# Records provided

BEGIN

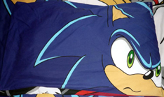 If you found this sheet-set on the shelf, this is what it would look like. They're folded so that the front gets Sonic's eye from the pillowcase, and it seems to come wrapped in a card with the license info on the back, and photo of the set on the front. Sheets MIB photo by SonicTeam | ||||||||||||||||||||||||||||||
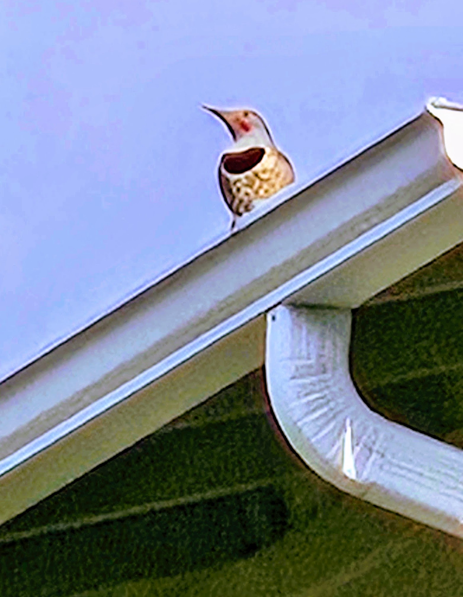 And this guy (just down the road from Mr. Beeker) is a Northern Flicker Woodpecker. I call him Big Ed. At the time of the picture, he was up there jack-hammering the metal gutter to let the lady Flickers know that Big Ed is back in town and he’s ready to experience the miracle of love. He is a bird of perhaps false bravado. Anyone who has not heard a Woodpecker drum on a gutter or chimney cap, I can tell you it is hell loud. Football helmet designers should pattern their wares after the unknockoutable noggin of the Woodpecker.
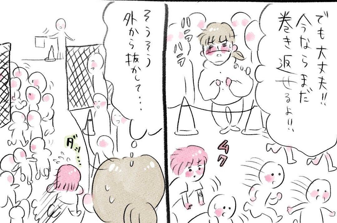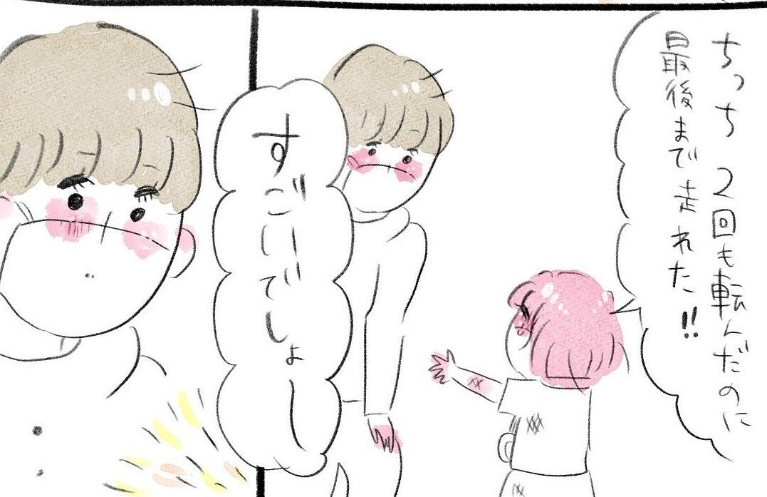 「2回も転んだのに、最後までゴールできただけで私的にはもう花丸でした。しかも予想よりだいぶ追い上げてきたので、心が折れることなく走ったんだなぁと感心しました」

END
BEGIN

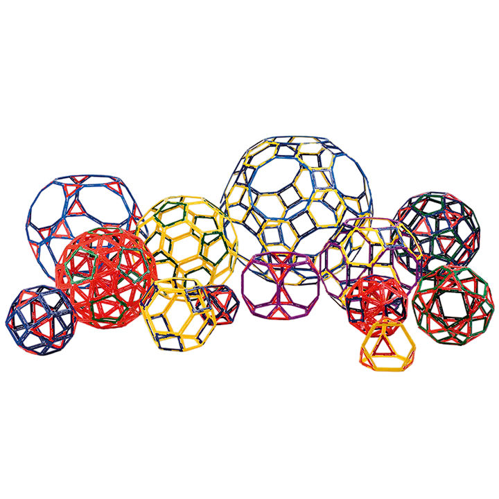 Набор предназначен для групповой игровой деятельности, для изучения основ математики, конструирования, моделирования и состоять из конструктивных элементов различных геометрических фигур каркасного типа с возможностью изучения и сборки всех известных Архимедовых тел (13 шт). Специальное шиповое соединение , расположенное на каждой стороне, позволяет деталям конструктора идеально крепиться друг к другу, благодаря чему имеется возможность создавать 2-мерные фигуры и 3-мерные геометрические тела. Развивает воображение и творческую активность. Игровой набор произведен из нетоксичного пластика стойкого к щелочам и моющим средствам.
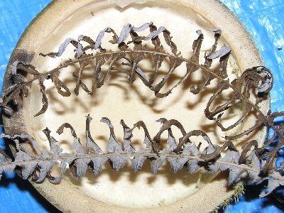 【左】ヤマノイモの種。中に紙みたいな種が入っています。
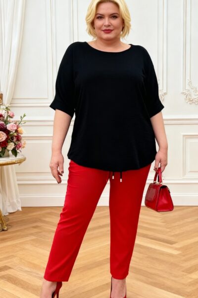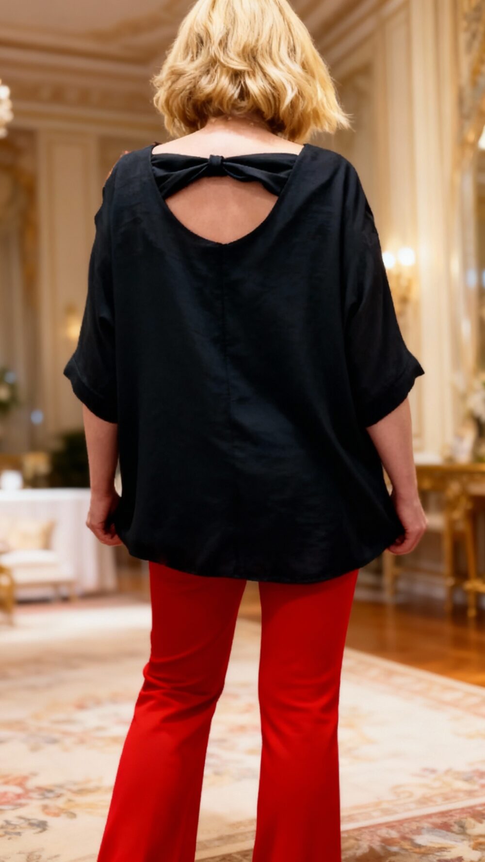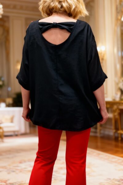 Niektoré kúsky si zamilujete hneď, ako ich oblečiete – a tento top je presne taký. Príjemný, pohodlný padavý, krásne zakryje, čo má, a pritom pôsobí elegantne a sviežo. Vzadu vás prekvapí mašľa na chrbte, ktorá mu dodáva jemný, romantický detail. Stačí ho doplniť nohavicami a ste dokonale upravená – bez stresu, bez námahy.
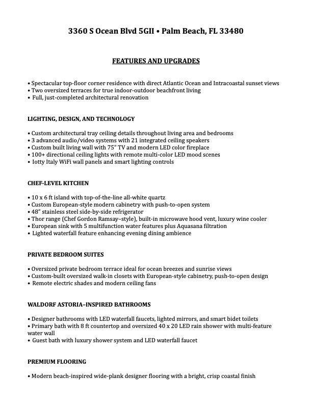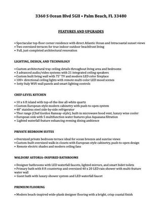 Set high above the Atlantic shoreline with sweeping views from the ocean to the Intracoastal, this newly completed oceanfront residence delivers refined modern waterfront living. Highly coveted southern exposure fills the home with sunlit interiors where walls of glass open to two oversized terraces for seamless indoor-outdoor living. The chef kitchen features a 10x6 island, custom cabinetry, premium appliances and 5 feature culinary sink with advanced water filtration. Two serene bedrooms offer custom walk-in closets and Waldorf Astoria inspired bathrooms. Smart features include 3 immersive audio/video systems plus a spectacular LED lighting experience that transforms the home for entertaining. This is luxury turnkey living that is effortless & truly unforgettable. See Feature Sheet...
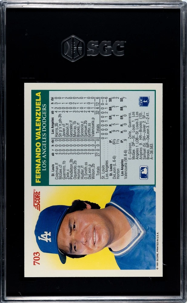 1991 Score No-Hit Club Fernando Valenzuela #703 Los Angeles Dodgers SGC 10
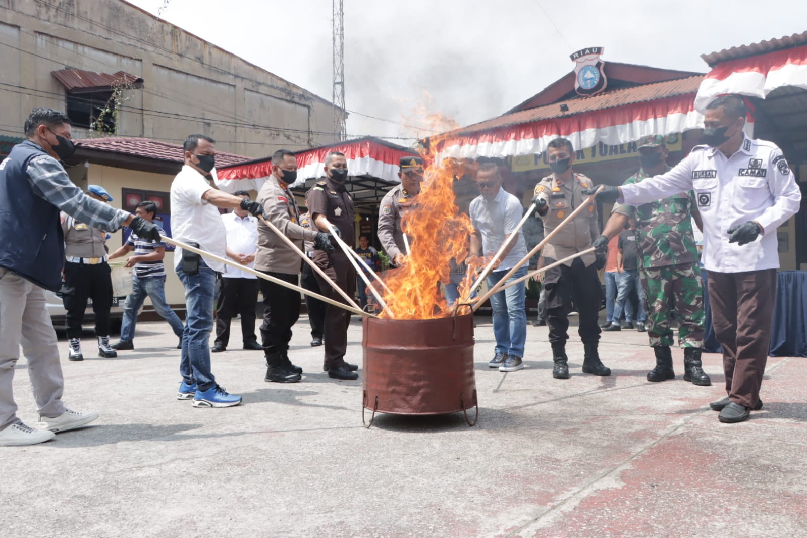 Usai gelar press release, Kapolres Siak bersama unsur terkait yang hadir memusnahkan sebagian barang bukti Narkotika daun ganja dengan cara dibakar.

END
BEGIN

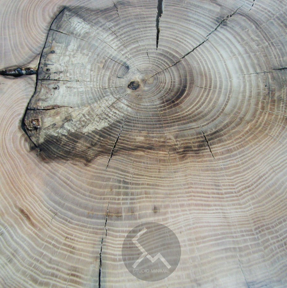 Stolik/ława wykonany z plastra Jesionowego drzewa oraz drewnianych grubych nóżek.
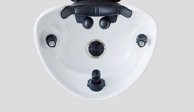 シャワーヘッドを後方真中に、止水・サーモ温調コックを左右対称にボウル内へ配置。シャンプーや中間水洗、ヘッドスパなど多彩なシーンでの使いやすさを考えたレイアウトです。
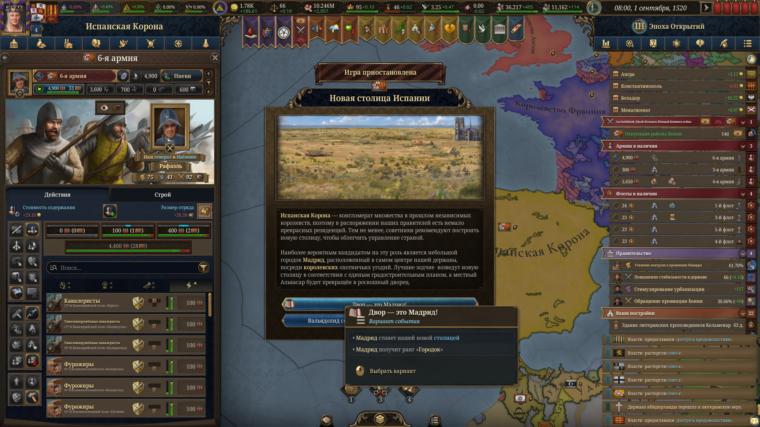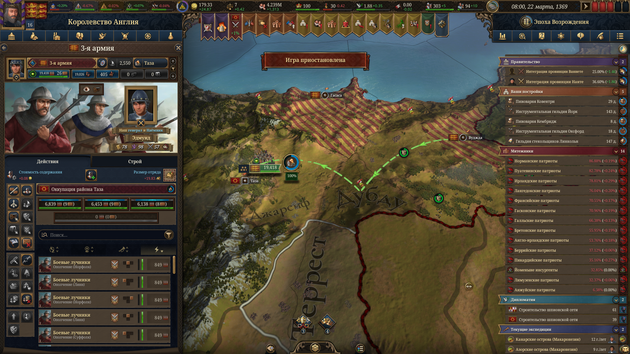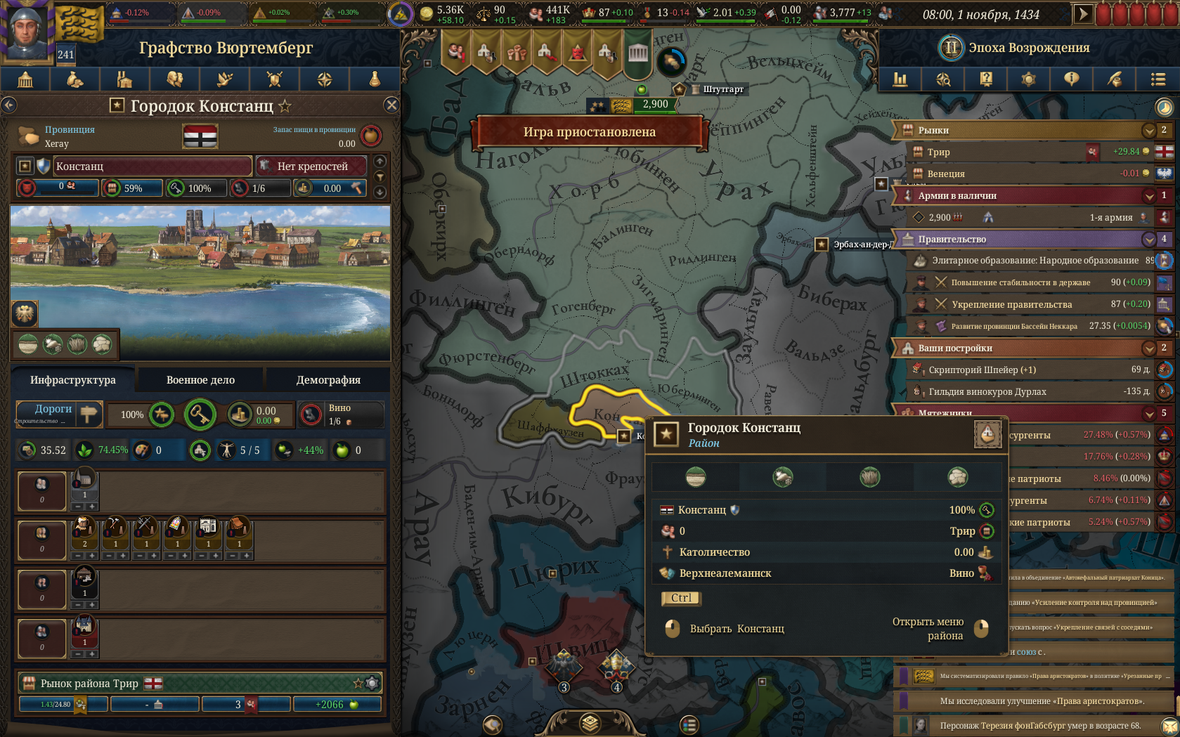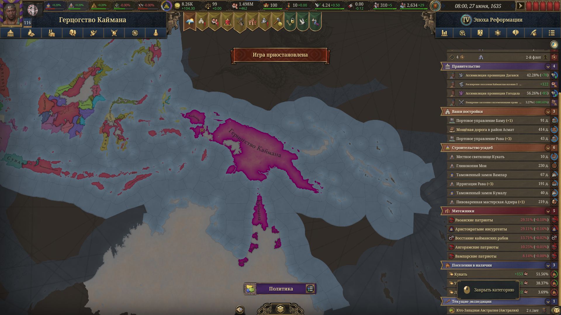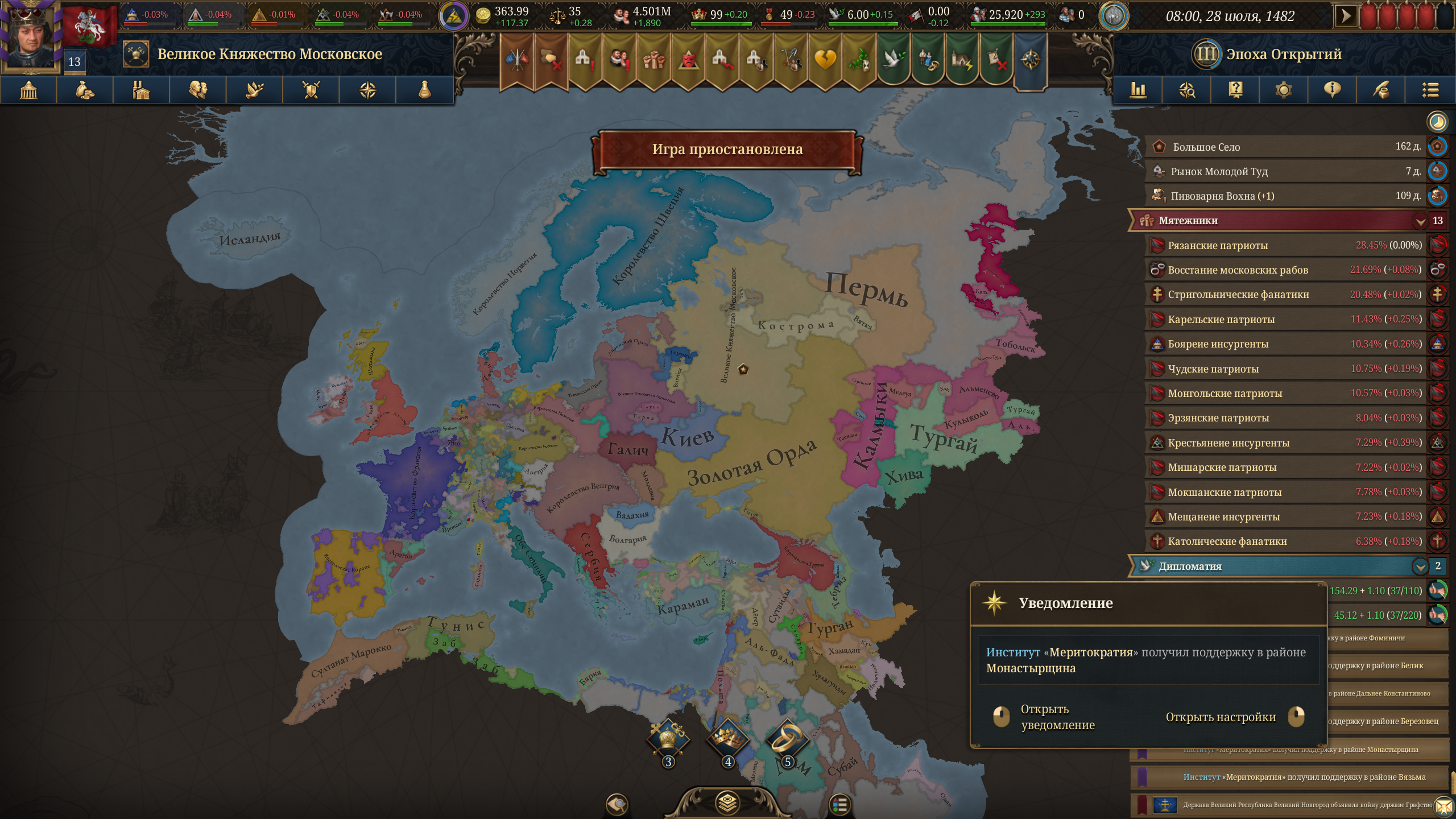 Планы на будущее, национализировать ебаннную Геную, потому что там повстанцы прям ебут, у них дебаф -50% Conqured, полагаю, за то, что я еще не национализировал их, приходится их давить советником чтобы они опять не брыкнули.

END

What lines above run from the one with "シャワーヘッドを後方真中に、" to the one with "Планы на будущее, национализировать"? Give them again exactly, ends included, and leave the pictures out.

# Response to this exercise
 シャワーヘッドを後方真中に、止水・サーモ温調コックを左右対称にボウル内へ配置。シャンプーや中間水洗、ヘッドスパなど多彩なシーンでの使いやすさを考えたレイアウトです。
 Планы на будущее, национализировать ебаннную Геную, потому что там повстанцы прям ебут, у них дебаф -50% Conqured, полагаю, за то, что я еще не национализировал их, приходится их давить советником чтобы они опять не брыкнули.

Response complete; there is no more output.